Neither volcanic ashes nor flood, whirlwind nor earthquake—mere decay has here nullified men’s efforts for congregated life and work. The soil of the hill, porous and sandy, is of moderate fertility. Native oaks and chestnuts, slender birches and fragrant hemlocks, with undergrowths of coral-flowering laurel, clothe its slopes. Over its sandstone ledges brooks of soft water treble minor airs—before they go loitering among succulent grasses and spearmint and other thirsty brothers of the distant meadows.

Nearly two hundred years ago pioneers of a Roundhead, independent type—the type which led William of Orange across the Channel for preservation of that liberty which Englishmen for hundreds of years had spoken of as “antient”—such men broke this sod, till then untouched by axe or plough. They made clearings, and grouped their hand-hewn houses just where in cool mornings of summer they could see the mists roll up from their hill-locked pond to meet the rosy day; just where, when the sun sank behind the distant New York mountains, they could catch within their windows his last shaft of gold.

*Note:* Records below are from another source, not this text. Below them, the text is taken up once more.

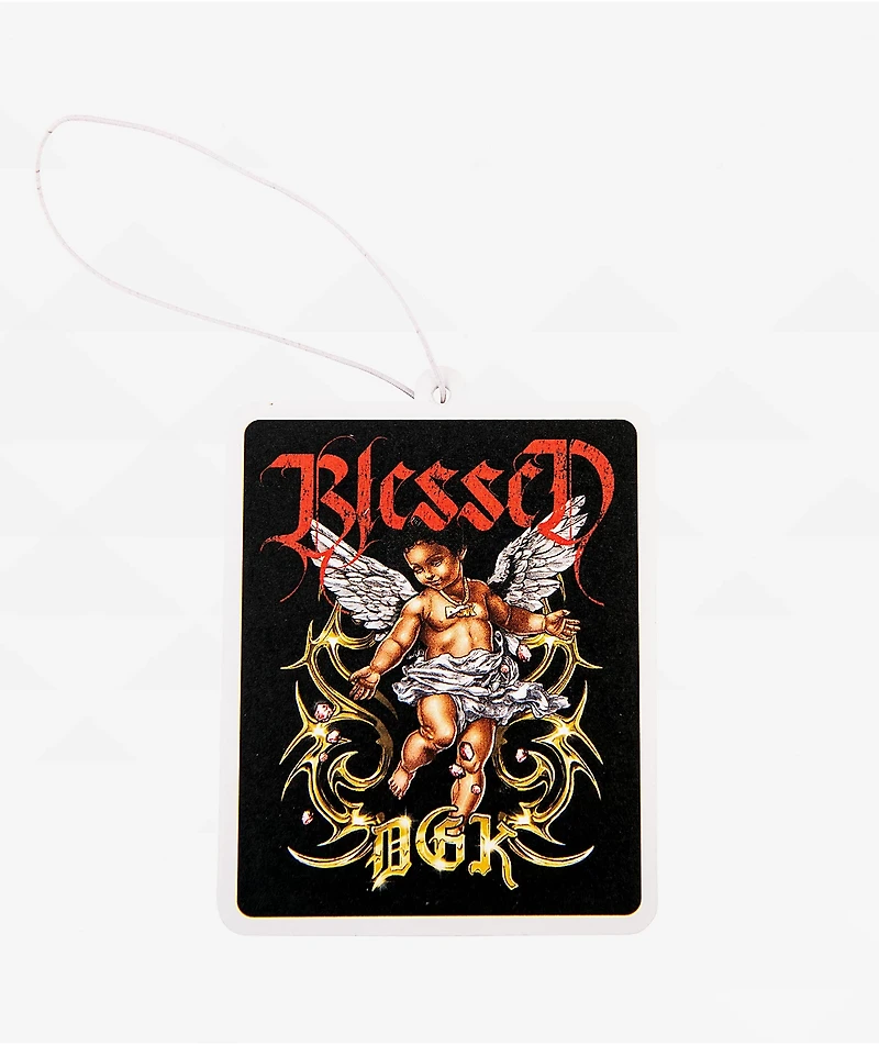 Personalize your desk, car, or home with the Castles air freshener from Dirty Ghetto Kids, landing in a black color with edgy, blessed graphics printed on both sides. Adding a coconut scent anywhere, the skate decor shows a cherub wearing a DGK chain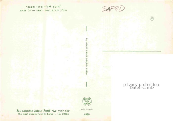 74142413 Safed Saffed Israel Hotel Mitzpor postalisch nicht gelaufen Erhaltung siehe scans [FriedD77] KatCode: 13080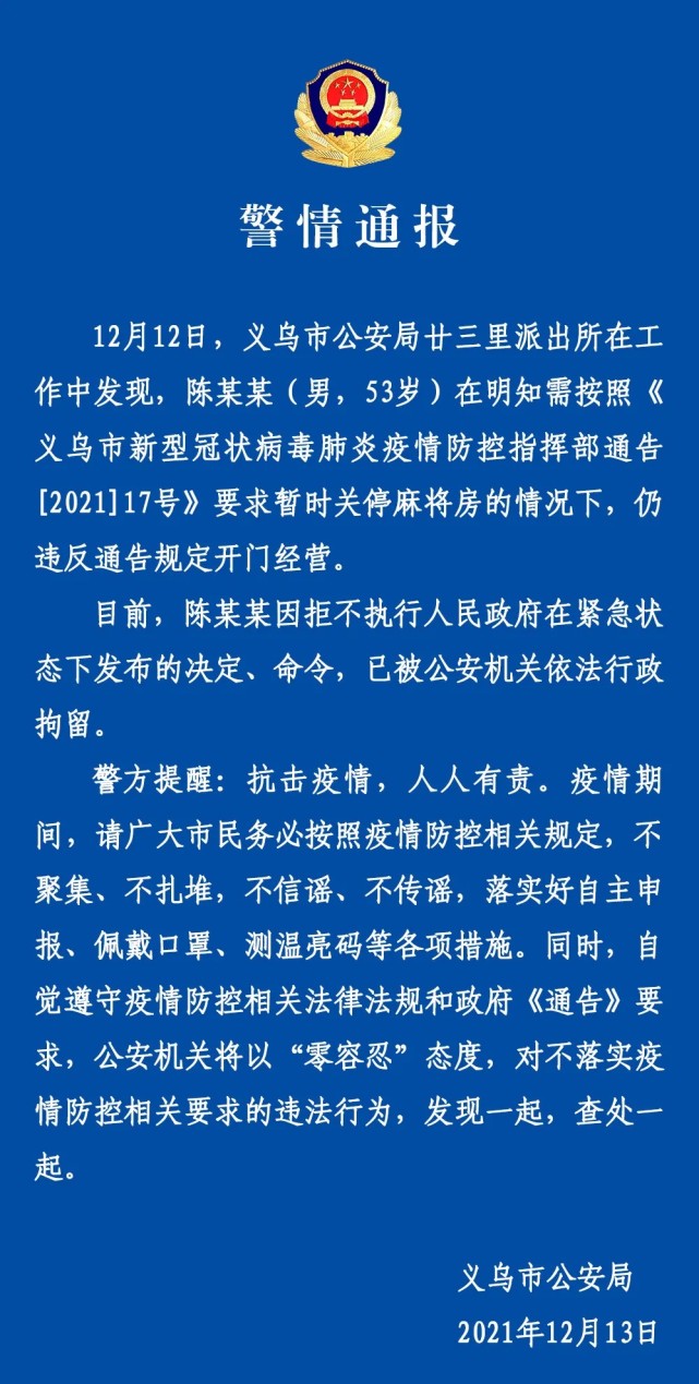 12月12日,义乌市公安局廿三里派出所在工作中发现,陈某某(男,53岁)在明知需按照《义乌市新型冠状病毒肺炎疫情防控指挥部通告[2021]17号》要求暂时关停麻将房的情况下,仍违反通告规定开门经营。目前,陈某某因拒不执行人民政府在紧急状态下发布的决定、命令,已被公安机关依法行政拘留。

Here they laid their hearths and dwelt in primitive comfort. Their summers were unspeakably beautiful—and hard-working. Their autumns indescribably brilliant, hill-side and valley uniting to form a radiance God’s hand alone could hold. Their winters were of deep snows and cold winds and much cutting and burning of wood. The first voice of their virid spring came in the bird-calls of early March, when snow melted and sap mounted, and sugar maples ran syrup; when ploughs were sharpened, and steaming and patient oxen rested their sinews through the long, pious Sabbath.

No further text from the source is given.